Dad finished high school in Imboden (Lawrence County) at the Sloan-Hendrix Academy, a local affiliate of Hendrix College. For two years, he walked three miles to and from school each school day, and he would sometimes be late so he could explore the deep woods and cedar glades, with frogs peeping and Pileated Woodpeckers drilling. He taught there following graduation, meeting a new student of “classic beauty” in 1921.

In that year, he decided to go to the University of Arkansas, making trips by rail, hopping box cars or coal tenders from the northeast corner of the state to the northwest corner.
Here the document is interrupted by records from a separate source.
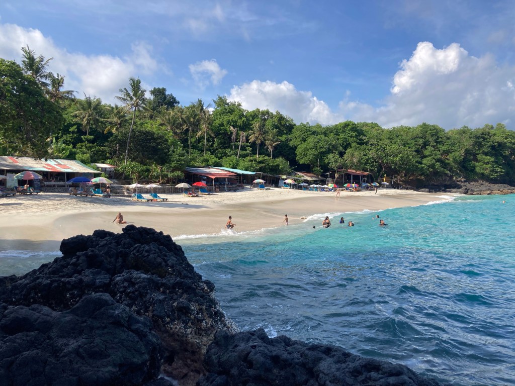 Je redescends ensuite vers la mer où j’ai coché un endroit qui m’a l’air fort sympathique. Effectivement, après avoir acquitté à nouveau un droit de rentrer et de stationner mon scooter, je descends par un cheminement piéton vers la magnifique baie de sable blanc (pantai bias tugel). Je n’ai plus qu’à enfiler mon maillot de bain et aller faire un bon plouf avant de boire le délicieux et rafraîchissant jus d’une noix de coco.
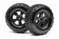 Plastové černé disky s nalepenými on-road pneumatikami se vzorkem.
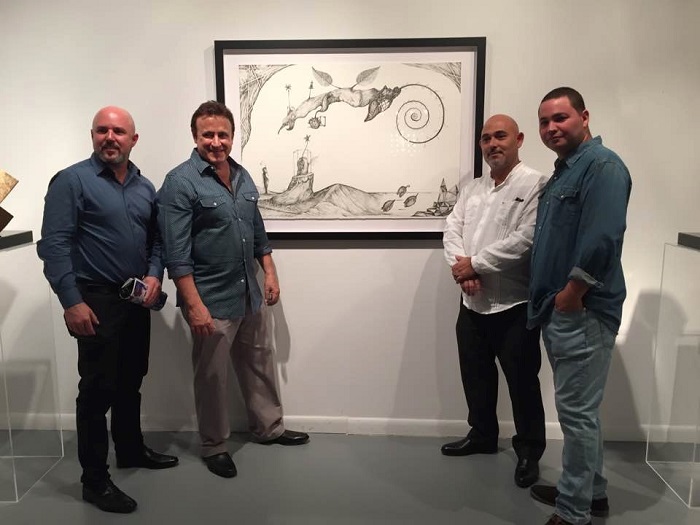 Para finalizar la obra de un maestro Gary Anuez que, no por ser única en la galería, implica ausencia de trayectoria en la misma. El Bicho (The bug) desde el libre albedrío que lo doy a mi interpretación, diré que la vivo como una obra de recordatorio. Isleña por la forma que adquiere el animal que me recuerda a la orografía costeña de Cuba bajo esta forma de loro inclinado. Tropical y caribeña por los elementos surgidos de la naturaleza sobre todos en sus ramificaciones y hojas . Algo así como la unión entre el libro infantil de un extraño y la narrativa de un sueño Con un estilo muy cercano a la línea y composición daliniana, Gary nos da libertad en su discurso para que disfrutemos de este cuento posiblemente escrito desde los pedazos rotos que lleva incorporado en su yo desde el exilio. Nagari
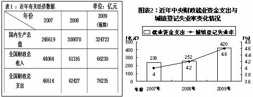 材料二:温家宝总理在政府工作报告中强调今年要全力保增长,保民生,保稳定。同时指出今年要千方百计促进就业,实施更加积极的就业政策。
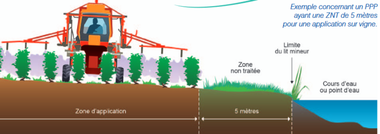 Pour connaître la distance de sécurité, il faut, premièrement, bien regarder le produit et surtout l’étiquette de celui-ci. Si elle mentionne une « ZNT cours d’eau », c’est cette distance qui s’applique. Celle-ci peut varier : 5m, 20m, 50m ou une largeur supérieure ou égale à 100m. Cependant, les ZNT de 20m ou de 50m peuvent être réduites sous trois conditions : présence d’un dispositif végétalisé permanent d’au moins 5m de large en bordure de point d’eau (arbustif ou herbacé) selon la culture ; utilisation de dispositif performant et homologué antidérive et tenue d’un registre phytosanitaire à jour.
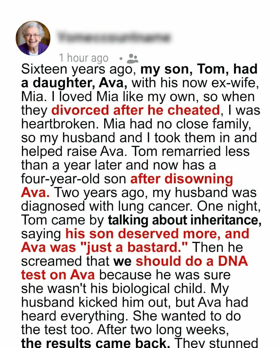 When my son, Tom, walked away from his daughter Ava, my husband Gary and I didn’t hesitate to step in. Sixteen years later, his sudden request for a DNA test changed everything.Years ago, Tom married Mia, a wonderful young woman I adored. When Ava was born, life seemed perfect — until Tom made choices that hurt their marriage. Mia showed up at our doorstep one rainy night, heartbroken, with baby Ava in her arms. From that moment, we promised to help raise Ava in a loving, stable home.
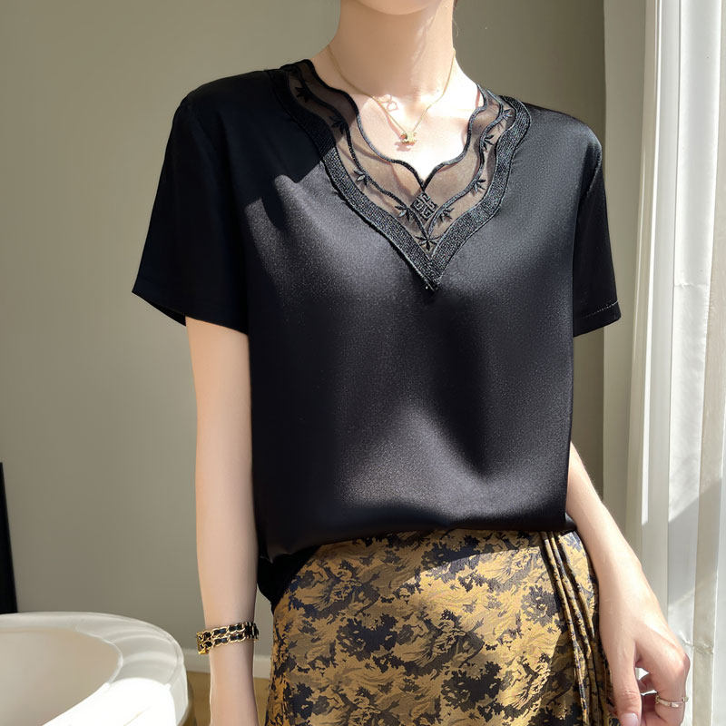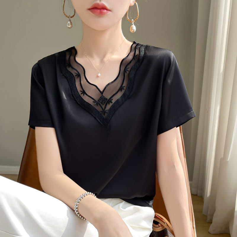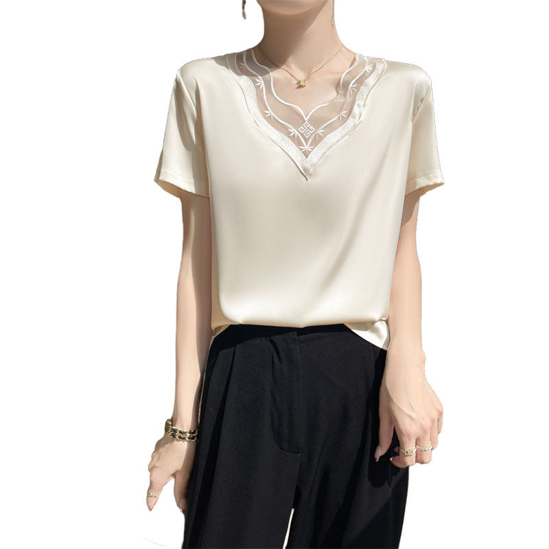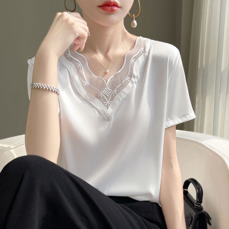 优雅气质V领短袖衬衫女夏季新款韩版宽松显瘦百搭上衣时尚女装

The latter car was an unexpected mistake, discovered when it went through a tunnel and covered him with smoke and soot.

Dad returned home in 1923 and the “classic beauty,” my mother, had graduated and applied to teach. They began dating, and dad continued his studies during the summers. They were married in 1925, and he graduated in 1929. It is not known even yet who paid his tuition. I’m still amazed that an unknown person also sacrificed because of his faith in dad’s drive and interest.

Regardless of hard times and inconveniences, he would earn his bachelor’s and master’s degrees, lacking only a few hours to obtain his doctorate. As a soil scientist and botanist, he preferred being in the fields instead of behind a desk. Those deep woods and cedar glades had their effect.

To bring this story forward a little, I will mention that my husband, Gerald, lived a similar life until about 1966. Living “up the road” in Naylor, his family life was similar. No running water, an outhouse 50 feet from the home and cooling provided by floor fans. Heat was provided only in the living room, first by a wood-burning stove bought at Massey Hardware, then a gas heater. Things improved when his mother bought electric blankets.

Gerald picked cotton for $3 per 100 pounds of picked-clean cotton and $2.50 per pound if still in the boll. He saved up to buy school jeans that cost $3 a pair. At age 18, he got his first job at Chamberlain School Furniture and made a monumental $1.15 an hour! Even with gasoline at 28¢ a gallon, a “Show Bus” transported locals into Conway on Saturdays. The bus fare, a movie, a Coke and popcorn totaled $2 and was well worth the work.

Sometimes people ask if a completed education in whatever form, whether formal or trade-related, is worth it. Yes, for many reasons. Pride in making the commitment; preparedness and willingness to make a living; and wisdom to exercise God-given intelligence and common sense.

Oh, and being able to pay for the roof over your head, clothes on your back and food on the table.